Two of the three now are getting the drug from its maker, Novartis AG, which like most pharmaceutical companies has a program for low-income patients. About 5,000 patients got help for Gleevec last year, said Novartis spokesman Geoffrey Cook.
"We have seen a steady increase in requests over the past few years" as the economy worsened, he said.
Showstack, whose leukemia was diagnosed last year, gets Gleevec from Novartis. The dose she's on now would cost $50,000 a year.
"I'm not actually sure that I know anyone who could afford it," she said.
Gleevec's cost is easier to justify, many say, because it keeps people alive indefinitely — a virtual cure. About 2,300 Americans died each year of Showstack's form of leukemia before Gleevec came on the market; only 470 did last year.
"I don't think we quibble with a drug that buys people magical quality of life for years," Venook said.
It's unclear whether Provenge will ever do that — it needs to be tested in men with earlier stages of prostate cancer, doctors say.
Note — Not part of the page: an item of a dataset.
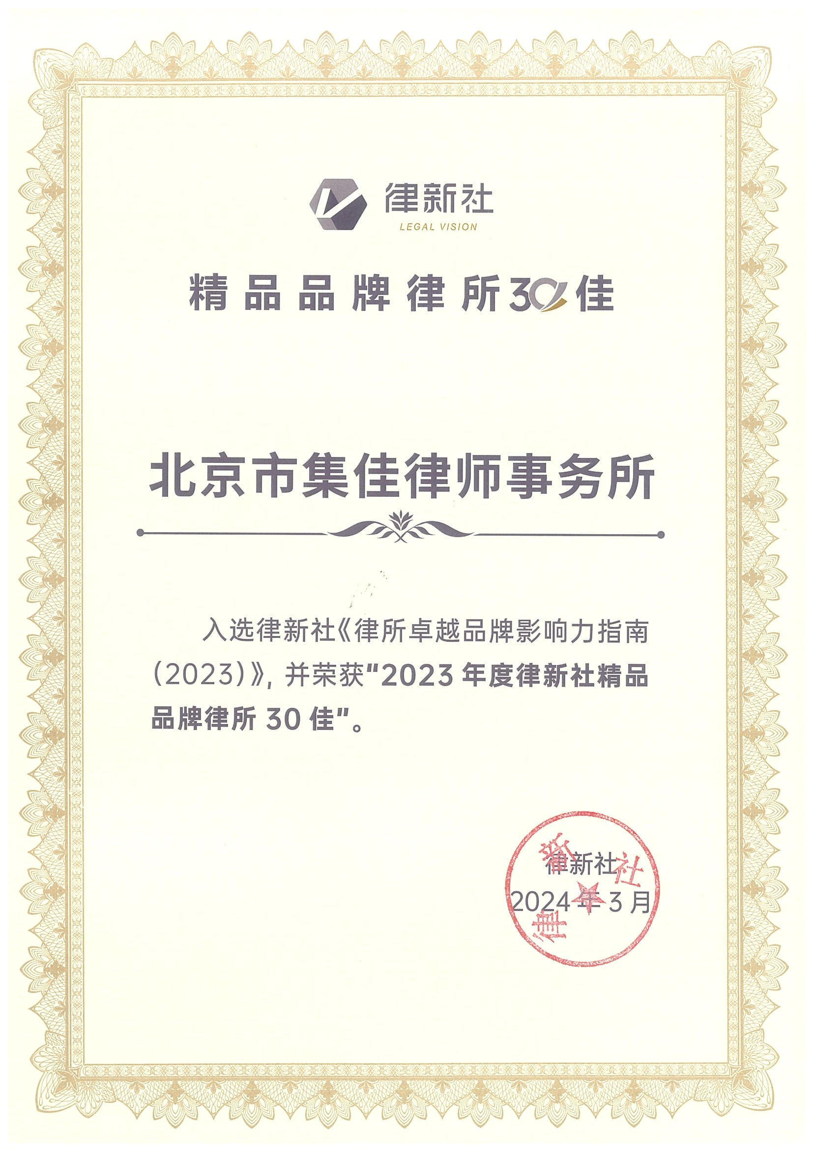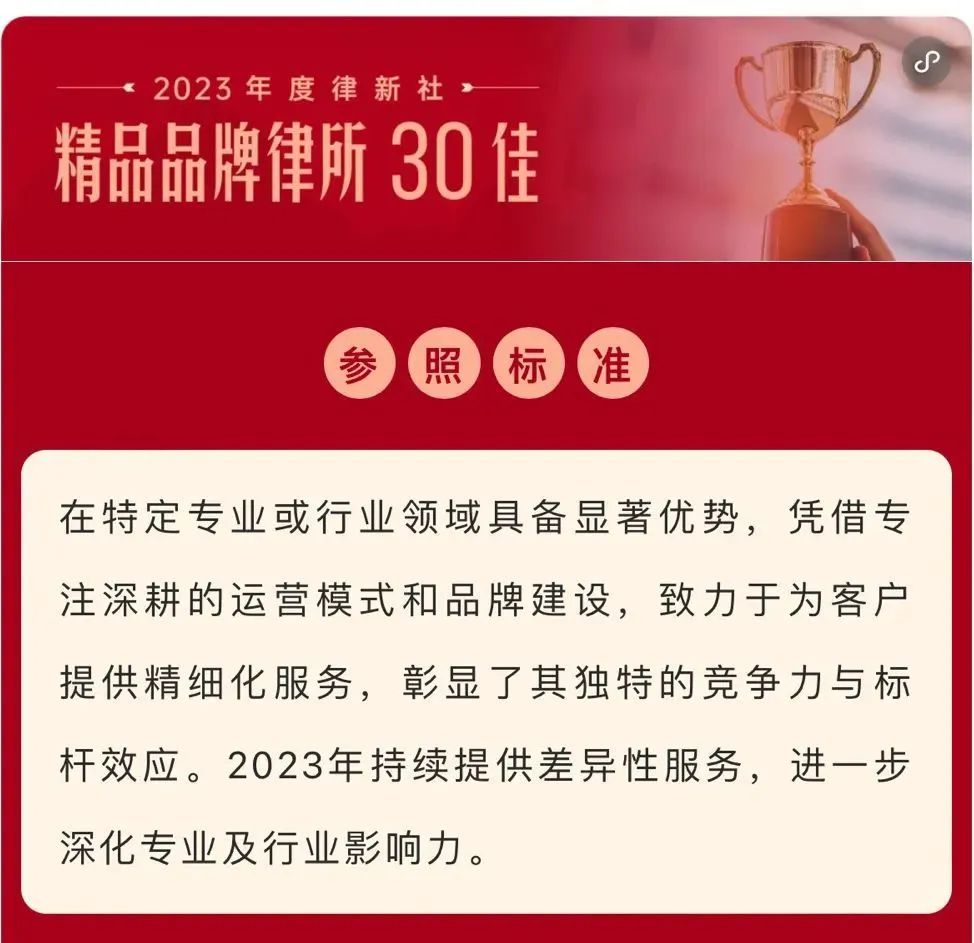 >玩球直播>关于我们>荣誉概览>2024>玩球直播入选 “2023年度律新社精品品牌律所30佳”

So far, it has only been tried and approved for men with incurable disease who have stopped responding to hormone therapy. On average, it gave them four months more, though for some it extended survival by a year or more.
Until it shows wider promise, enthusiasm will be tepid, said Dr. Elizabeth Plimack a prostate specialist at the Fox Chase Cancer Center in Philadelphia.
"I've not had any patient ask for it," she said. "They ask about it. Based on the information, they think the cost is tremendous, and they think the benefit is very small."
Logothetis, at M.D. Anderson, said Provenge and other experimental cancer vaccines in development need "a national investment" to sort out their potential, starting with Medicare coverage.
"It's no longer a fringe science. This is working," he said. "We need to get it in the door so we can evolve it."